GOAL OF THE EXERCISE: Once the images are set aside, print the remaining lines below exactly.

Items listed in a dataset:
++++++++++++++++++++

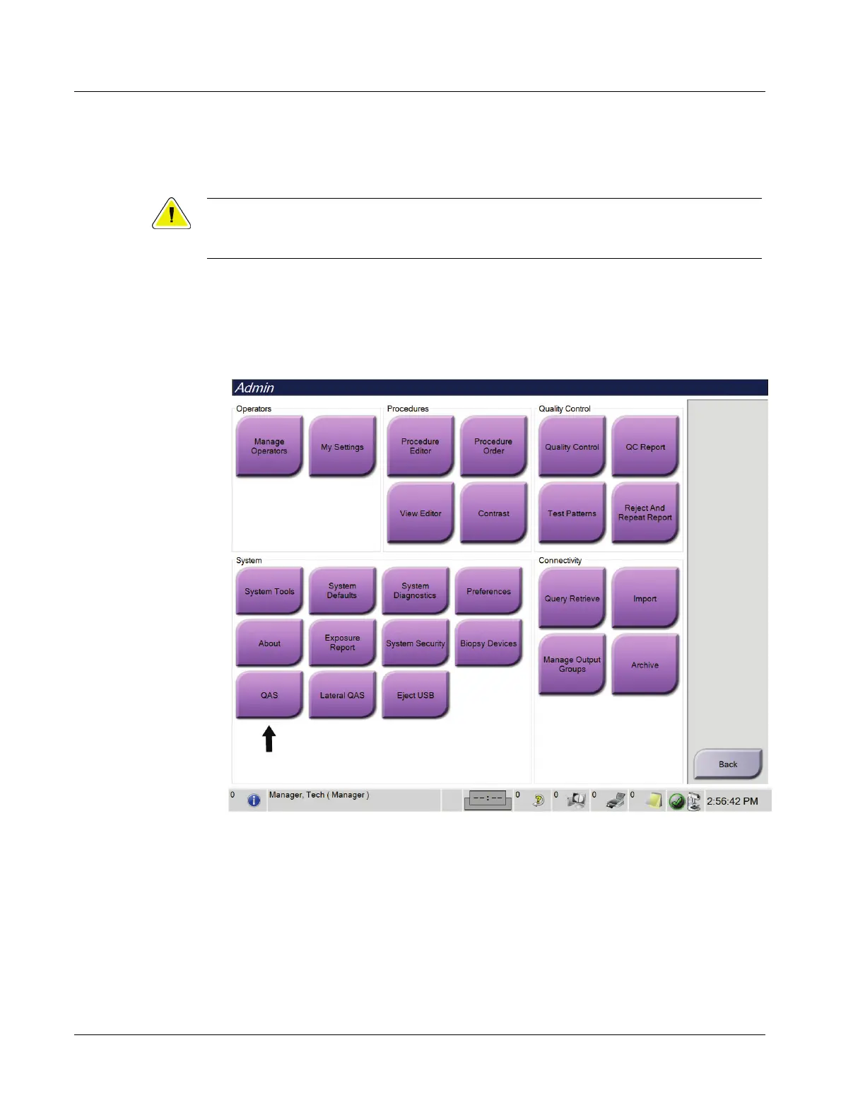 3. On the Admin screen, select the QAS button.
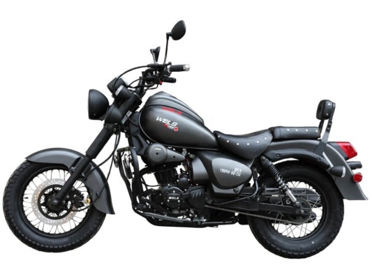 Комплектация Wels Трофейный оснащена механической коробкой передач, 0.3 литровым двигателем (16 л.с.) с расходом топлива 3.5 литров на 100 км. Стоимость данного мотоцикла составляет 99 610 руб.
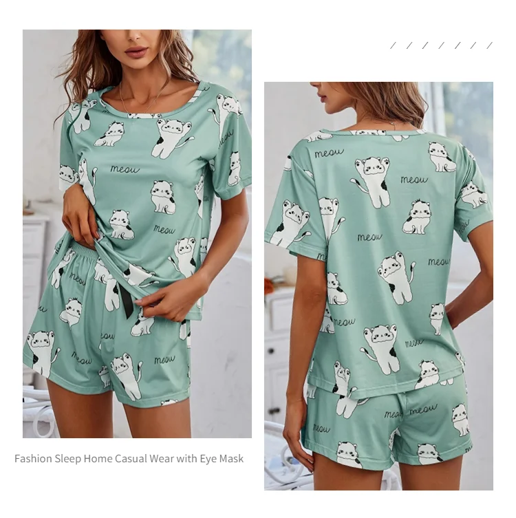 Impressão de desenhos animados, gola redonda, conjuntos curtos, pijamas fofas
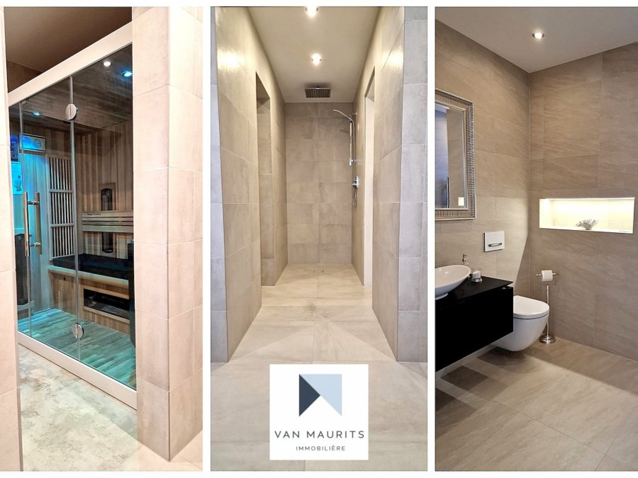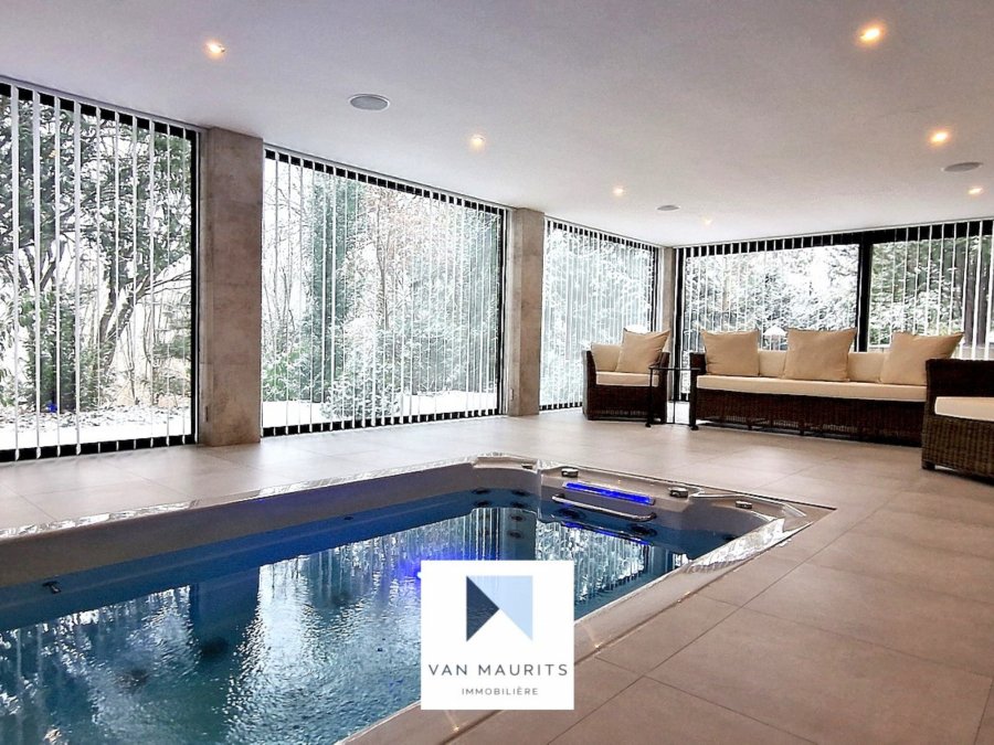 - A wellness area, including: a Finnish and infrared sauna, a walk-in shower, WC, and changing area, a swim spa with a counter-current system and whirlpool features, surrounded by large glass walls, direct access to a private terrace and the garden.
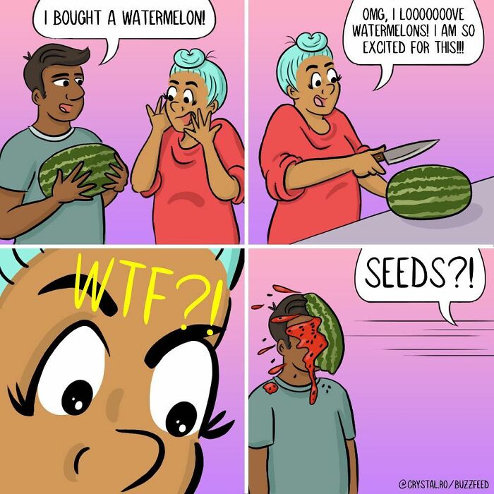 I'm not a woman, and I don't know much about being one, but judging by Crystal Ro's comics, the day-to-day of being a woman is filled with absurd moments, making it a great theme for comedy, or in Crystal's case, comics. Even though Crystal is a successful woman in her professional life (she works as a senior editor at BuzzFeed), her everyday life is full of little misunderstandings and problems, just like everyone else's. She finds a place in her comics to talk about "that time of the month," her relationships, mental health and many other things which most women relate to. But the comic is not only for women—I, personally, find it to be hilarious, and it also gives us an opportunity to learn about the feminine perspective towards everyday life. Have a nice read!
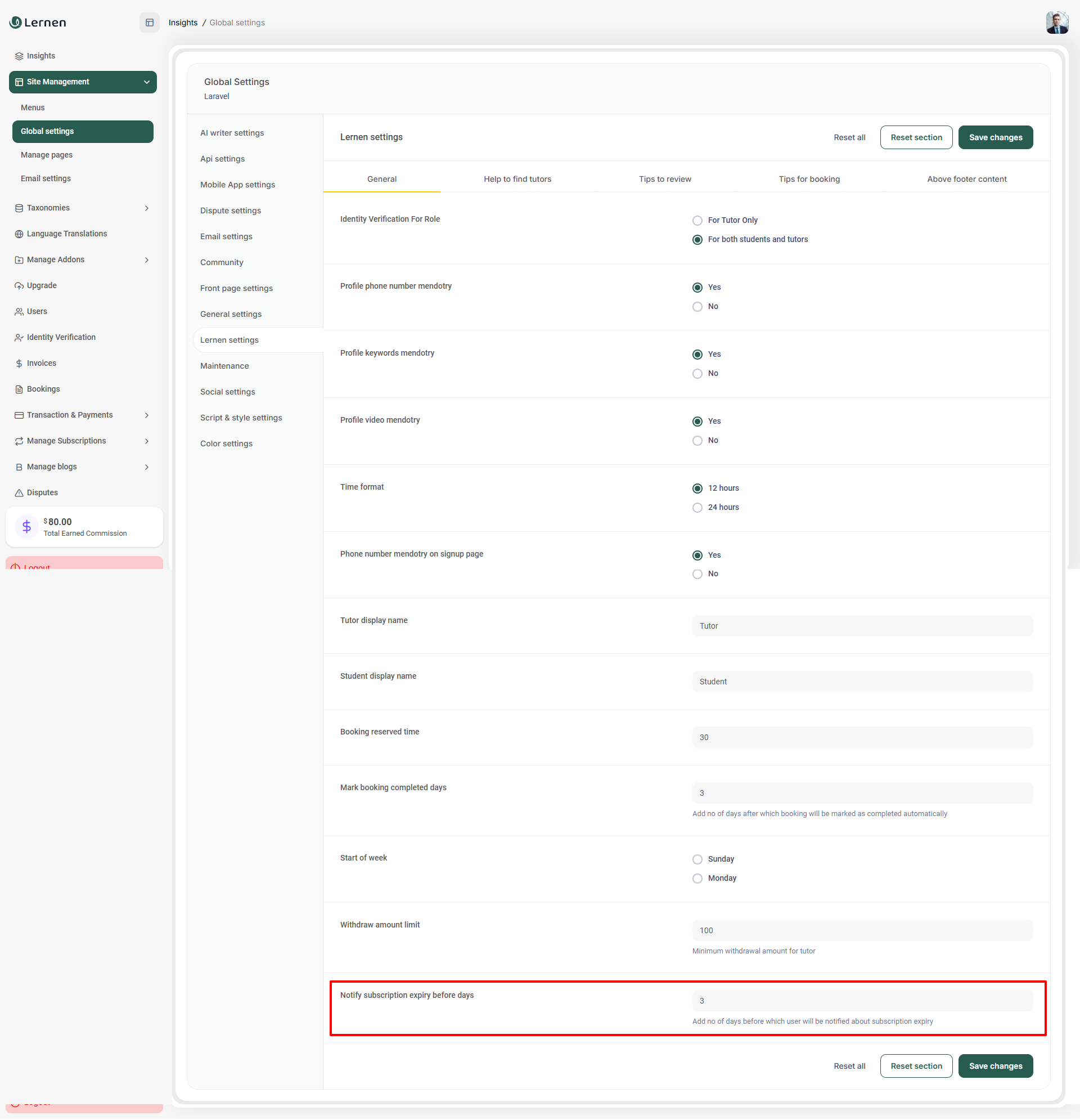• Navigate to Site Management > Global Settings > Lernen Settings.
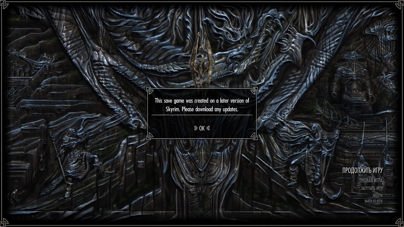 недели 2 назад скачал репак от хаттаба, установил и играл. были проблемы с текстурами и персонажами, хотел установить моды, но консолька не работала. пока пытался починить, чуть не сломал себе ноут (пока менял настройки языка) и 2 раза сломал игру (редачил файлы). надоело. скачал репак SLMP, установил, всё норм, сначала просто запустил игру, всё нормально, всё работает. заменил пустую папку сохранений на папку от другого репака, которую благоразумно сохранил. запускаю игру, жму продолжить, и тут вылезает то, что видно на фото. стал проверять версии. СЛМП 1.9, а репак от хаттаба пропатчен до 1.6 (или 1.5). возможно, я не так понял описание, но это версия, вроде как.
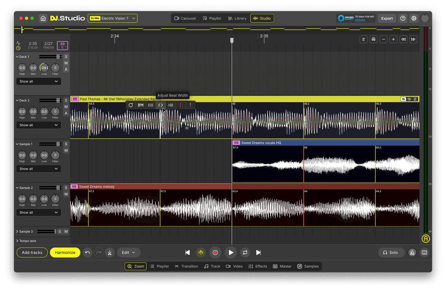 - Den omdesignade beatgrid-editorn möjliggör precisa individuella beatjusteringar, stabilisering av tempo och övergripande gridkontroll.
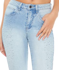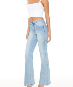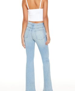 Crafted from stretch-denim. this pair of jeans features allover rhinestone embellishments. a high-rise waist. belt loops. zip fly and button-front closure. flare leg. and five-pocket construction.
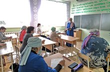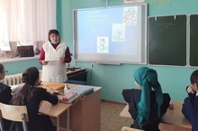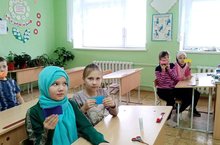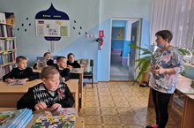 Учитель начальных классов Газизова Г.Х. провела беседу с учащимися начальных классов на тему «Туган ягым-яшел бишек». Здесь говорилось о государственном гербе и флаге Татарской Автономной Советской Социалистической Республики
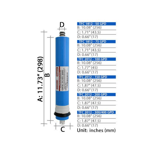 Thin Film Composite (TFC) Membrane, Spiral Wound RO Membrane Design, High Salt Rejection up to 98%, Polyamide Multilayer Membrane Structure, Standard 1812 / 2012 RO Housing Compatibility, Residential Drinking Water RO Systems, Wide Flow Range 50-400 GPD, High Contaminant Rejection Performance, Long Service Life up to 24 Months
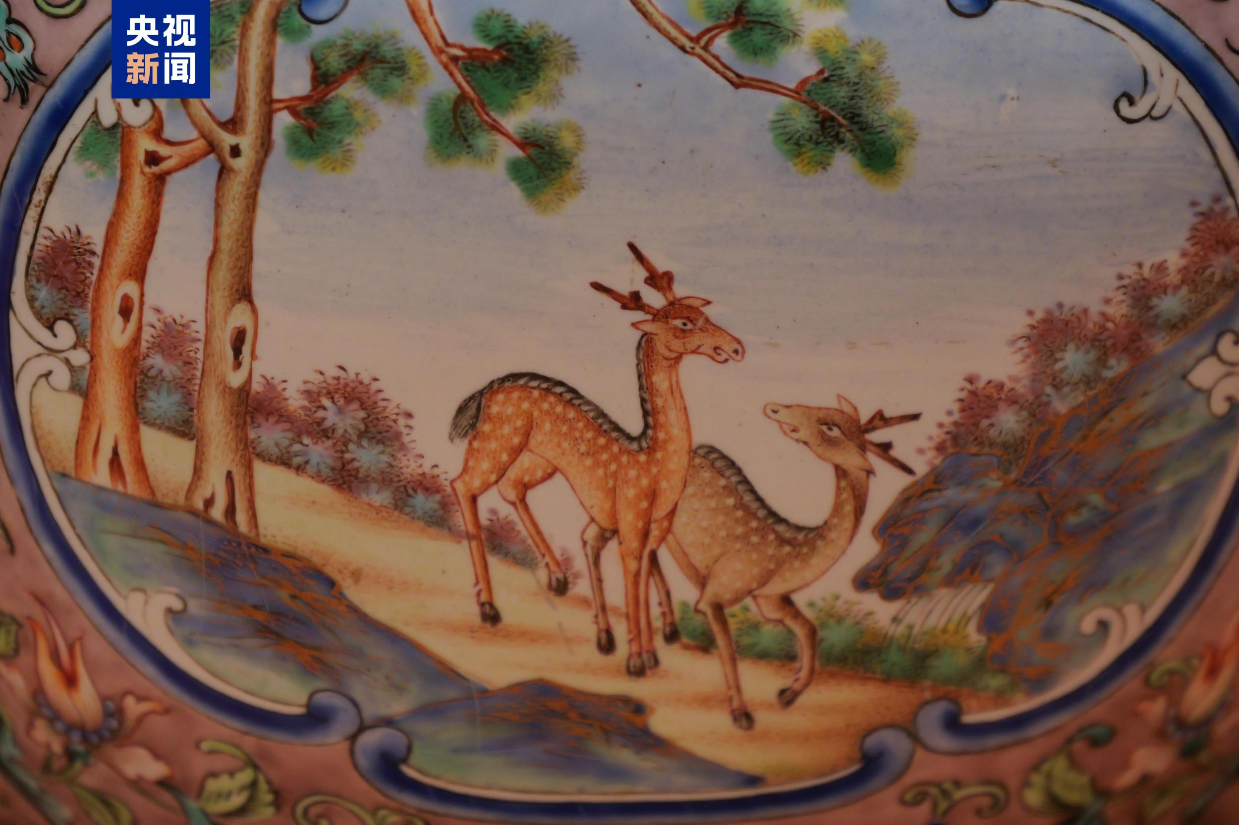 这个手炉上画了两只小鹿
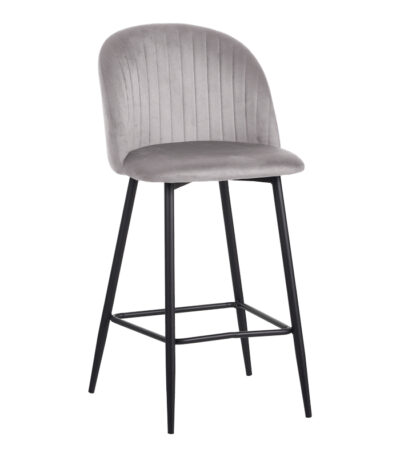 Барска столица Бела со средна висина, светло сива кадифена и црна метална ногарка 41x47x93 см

++++++++++++++++++++

RESULT FOR THIS EXERCISE:
 3. On the Admin screen, select the QAS button.
 Комплектация Wels Трофейный оснащена механической коробкой передач, 0.3 литровым двигателем (16 л.с.) с расходом топлива 3.5 литров на 100 км. Стоимость данного мотоцикла составляет 99 610 руб.
 Impressão de desenhos animados, gola redonda, conjuntos curtos, pijamas fofas
 - A wellness area, including: a Finnish and infrared sauna, a walk-in shower, WC, and changing area, a swim spa with a counter-current system and whirlpool features, surrounded by large glass walls, direct access to a private terrace and the garden.
 I'm not a woman, and I don't know much about being one, but judging by Crystal Ro's comics, the day-to-day of being a woman is filled with absurd moments, making it a great theme for comedy, or in Crystal's case, comics. Even though Crystal is a successful woman in her professional life (she works as a senior editor at BuzzFeed), her everyday life is full of little misunderstandings and problems, just like everyone else's. She finds a place in her comics to talk about "that time of the month," her relationships, mental health and many other things which most women relate to. But the comic is not only for women—I, personally, find it to be hilarious, and it also gives us an opportunity to learn about the feminine perspective towards everyday life. Have a nice read!
• Navigate to Site Management > Global Settings > Lernen Settings.
 недели 2 назад скачал репак от хаттаба, установил и играл. были проблемы с текстурами и персонажами, хотел установить моды, но консолька не работала. пока пытался починить, чуть не сломал себе ноут (пока менял настройки языка) и 2 раза сломал игру (редачил файлы). надоело. скачал репак SLMP, установил, всё норм, сначала просто запустил игру, всё нормально, всё работает. заменил пустую папку сохранений на папку от другого репака, которую благоразумно сохранил. запускаю игру, жму продолжить, и тут вылезает то, что видно на фото. стал проверять версии. СЛМП 1.9, а репак от хаттаба пропатчен до 1.6 (или 1.5). возможно, я не так понял описание, но это версия, вроде как.
 - Den omdesignade beatgrid-editorn möjliggör precisa individuella beatjusteringar, stabilisering av tempo och övergripande gridkontroll.
 Crafted from stretch-denim. this pair of jeans features allover rhinestone embellishments. a high-rise waist. belt loops. zip fly and button-front closure. flare leg. and five-pocket construction.
 Учитель начальных классов Газизова Г.Х. провела беседу с учащимися начальных классов на тему «Туган ягым-яшел бишек». Здесь говорилось о государственном гербе и флаге Татарской Автономной Советской Социалистической Республики
 Thin Film Composite (TFC) Membrane, Spiral Wound RO Membrane Design, High Salt Rejection up to 98%, Polyamide Multilayer Membrane Structure, Standard 1812 / 2012 RO Housing Compatibility, Residential Drinking Water RO Systems, Wide Flow Range 50-400 GPD, High Contaminant Rejection Performance, Long Service Life up to 24 Months
 这个手炉上画了两只小鹿
 Барска столица Бела со средна висина, светло сива кадифена и црна метална ногарка 41x47x93 см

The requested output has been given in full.